Nel rammentare gli eroismi dei soldati della Littorio su quella fronte nell'inverno 1944-45 padre Marcello scrisse: «Alzatevi, amici, e rimanete in alto. Sulle cime non vi è nebbia, né fango, né mosche».
Le «penne nere» del 4° Rgt. Alpini della RSI avevano già compiuto questo confronto, erano stati eroici nel sacrificio per l'Italia repubblicana. In modo analogo, tra altre «penne nere», altri artiglieri da montagna, genieri e complementari della Divisione Alpina Monterosa si distinse il sacerdote-alpino Luigi Miglio con tutti i cappellani dislocati nei vari reparti, dal campo germanico di addestramento in Münsingen all'offensiva d'inverno nella Garfagnana oppure nei contrattacchi e nelle «sortite» sulle Alpi occidentali, dal Colle della Maddalena al Piccolo S. Bernardo e al Moncenisio, ovunque le truppe alpine diedero prova del loro ardimento sulle vette, ove -sia ben chiaro- Dio ad esse è più vicino.

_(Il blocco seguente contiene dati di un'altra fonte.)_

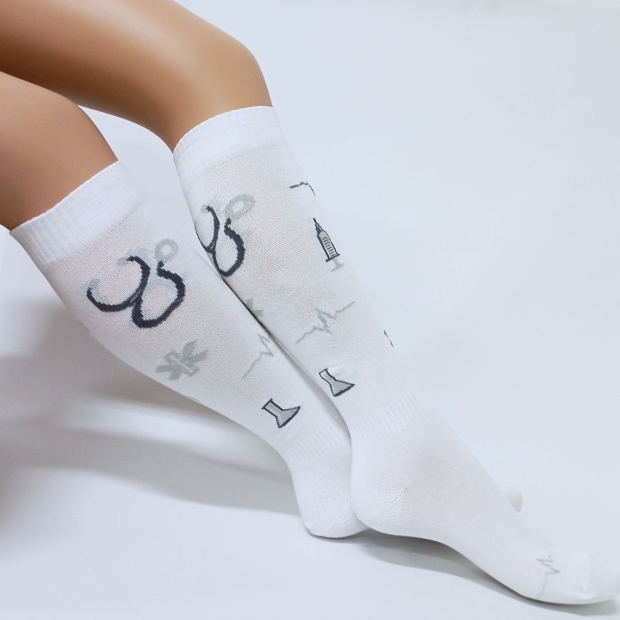 Podkolenky se zdravotnickým motivem - vhodné např. jako dárek pro lékaře, záchranáře, farmaceuty, sestřičky, mediky a ostatní zdravotníky.

A fianco della Divisione F. M. San Marco eccelle Padre Candido Carlino, in quella Etna è presente Padre Giovanni Errani, nel Rgt. Paracadutisti Folgore il temerario don Ovidio Zinaghi, mentre con la X Flottiglia Mas oltre a Padre Martinengo quale Cappellano capo si sono distinti don G. Graziani e don A. Castoldi nel Btg. Barbarigo, don B. Folloti nel Btg. Lupo, don R. Pio nei Btgg. NP e Sagittario, don Pettro nel 3° Rgt. Artiglieria e, su a Tarnova, con il Btg. Fulmine, proteso con le altre truppe autonome a difendere l'italianità di Gorizia dall'aggressione del IX Korpus di Tito, non mancava don Casimiro Canepa.

Spirito e coscienza del credo europeo
Questa leggenda di Fede e di eroismo assume più valore proprio mentre il nostro vecchio Continente inizia a potenziare, attraverso la CEE, la propria, nuova prova di unificazione politica, economica e produttiva che la liberi dalla soggezione alla finanza degli USA, nonché dall'influenza vessatoria della plutocrazia anglo-statunitense cui del progresso civile dell'Europa nel Terzo Millennio importa niente.
D'altronde, gli altri non possono capire come sulla Via Crucis dell'Europa di mezzo secolo fa, dove il vessillifero del Credo cattolico e italiano -quale era Fra' Ginepro- si ergeva illuminando con lo splendore del suo Saio la nitidezza del Tricolore repubblicano per la pace del lavoro e per l'equilibrio delle coscienze, si rafforzò il valore etico posto a seme sul solco della Storia nel trascorrere dei millenni per la Civiltà, da quello latino del Diritto al Cristianesimo francescano, dall'Arte rinascimentale alle scoperte della Tecnica, dai moti liberali e socialistici (Bismarck li sostenne nell'800 per l'Europa) all'equilibrio fascista dell'economia produttiva attraverso le conquiste di emancipazione garantite dalla socializzazione.
In questo, il Saio di Fra' Ginepro e degli altri Cappellani Volontari della RSI assume il più eletto valore per lo Spirito e per le Coscienze. Ha consolato le sofferenze di tanti Martiri e di molti Caduti.
È simbolo di Italia, di Europa, significa Civiltà.